Smaller pension schemes could be “forced into consolidation” by rising compliance costs and new proposals from the Department for Work and Pensions (DWP), Buck has said.

The comments came as the DWP’s consultation on improving outcomes for members of defined contribution (DC) pension schemes closed, with some of the measures proposed likely to come into force in October 2021.

The proposals include wind-up expectations for small DC schemes, with trustees of DC schemes with assets below £100m set to be required to assess and report on how their scheme presents value for members.

Buck head of Knowledge Resource Centre, Gary Crockford, said: “One area for concern is around the cost of compliance, especially for schemes with limited resources.

“If these new measures mean that compliance costs rise, then trustees and sponsors of smaller schemes, even those which currently provide good value for members, may well be effectively forced into consolidation by the pressure of meeting this cost.”

The issue of quantifying value has also caused some concern, with Crockford noting that defining the term is “a difficult, and somewhat contentious, task” that would need “to carefully weigh a whole range of factors, ranging from governance and administration to member communications and investment returns”.

Tisa head of retirement, Renny Biggins, said: “We believe that the statutory guidance has increased clarity on the areas which require assessment as a minimum, but it is important that sub optimal outcomes are not just based solely on fund performance.

“Scheme members are not a homogenous group and value for money is subjective: the stage that members are at in their retirement journeys, whether active or deferred, and the size of their pension wealth all contribute to an individual’s view of value for money. With that in mind, there will always be winners and losers when a scheme is wound up and consolidated.”

On the issue of the cost of compliance, Aegon pensions director, Steven Cameron, commented that most trustees “will need expert help in the assessment from employee benefit consultants”, adding that he believed that “three yearly rather than annual reviews would be more proportionate”.

Barnett Waddingham head of DC, Mark Futcher, was more positive as he pointed out that it would not just be small schemes being pressured to offer good value and argued that “the new proposals set out by the DWP will give trustees the impetus to drive more value for members and be more transparent about the outcomes”.

He continued: “For many, this may mean transferring their scheme into a master trust to take advantage of better investment opportunities and offer more cost-effective governance. For others it will present the opportunity to bring tangible initiatives to schemes already being well run.”

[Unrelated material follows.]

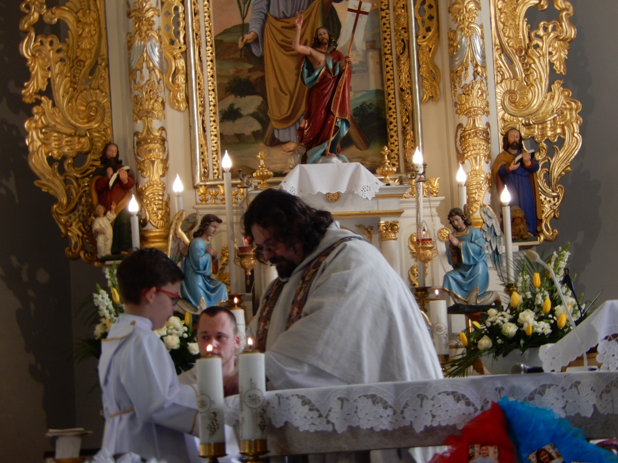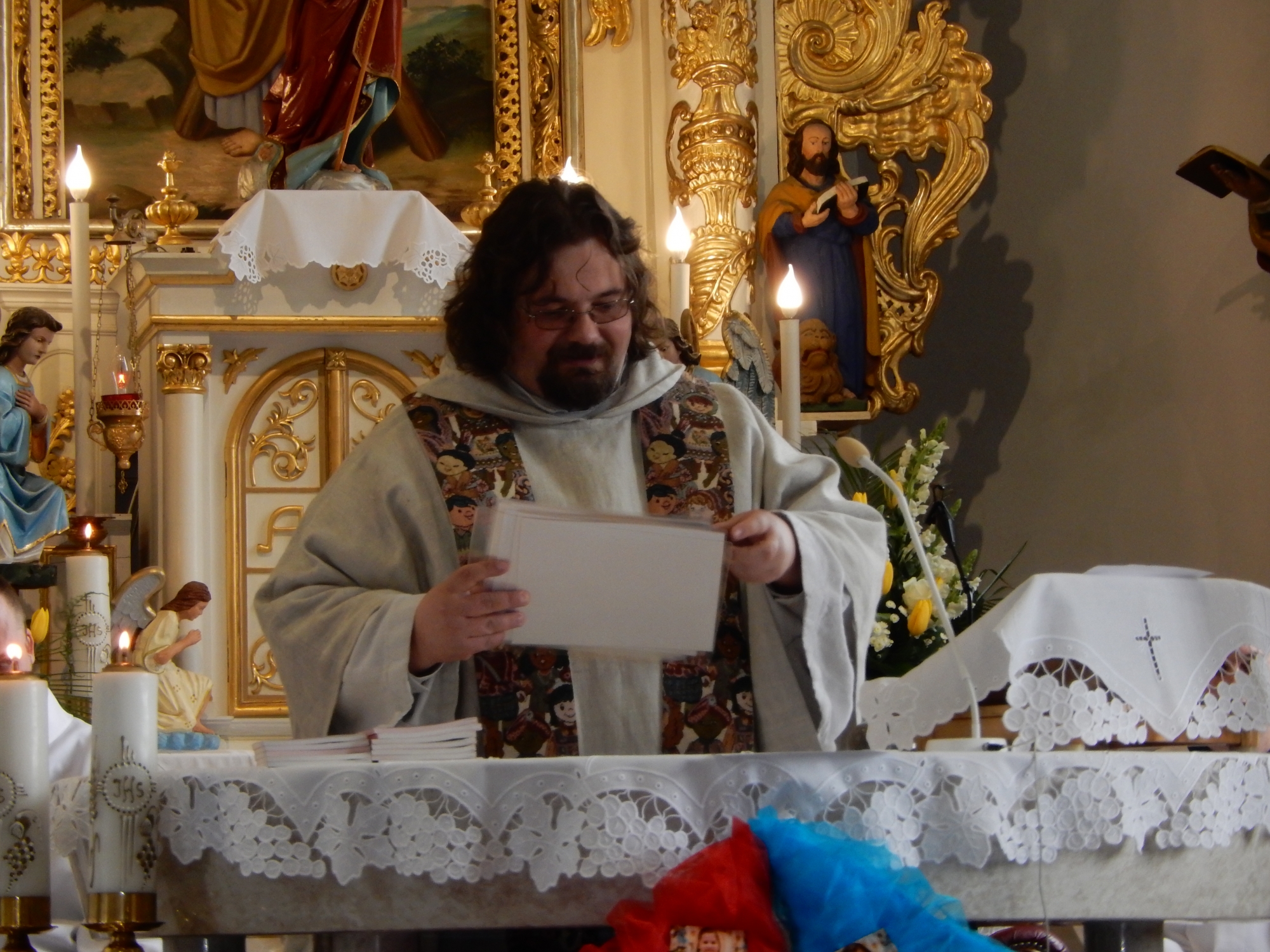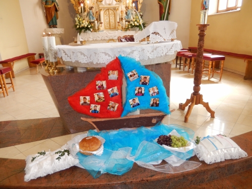 Svätú omšu celebroval duchovný otec vdp. Tomáš Gondkovský. Deti naozaj s veľkou radosťou a túžbou prežívali liturgiu. V homílii pán farár zdôraznil, aby si prvoprijímajúce deti, ich rodičia, krstní rodičia, ale i všetci prítomní uvedomili potrebu zodpovednosti za Loď – Cirkev.

Crockford was concerned that things would not be quite so equal under the new proposals, worrying that the requirements could lead to “a two-tier ‘value for member’ system – one that is more stringent for schemes less than £100m and less stringent for larger schemes where more member money is at risk”.

He added: “Again, it will only be smaller schemes who may be unfairly scrutinised and penalised by the proposal. If these practical challenges can be overcome, then the proposed changes will be an important step towards improving outcomes for members.”

Whatever the result of the consultation, Futcher encouraged trustees and employers to “take action now to seek the best options for members”, adding that “as well as getting ahead of regulatory changes, there’ll be an added benefit of avoiding inevitable capacity issues down the line as trustees and employers rush to seek out the best providers and advisers”.

Cameron concluded: “It’s positive to see the government recognise the important role pension scheme investments play in supporting the UK economy. This consultation removes barriers to allow the largest pension schemes to invest in illiquid investments and while this is a worthwhile aim, it mustn’t take priority over the trustees’ key duty to protect member interests.”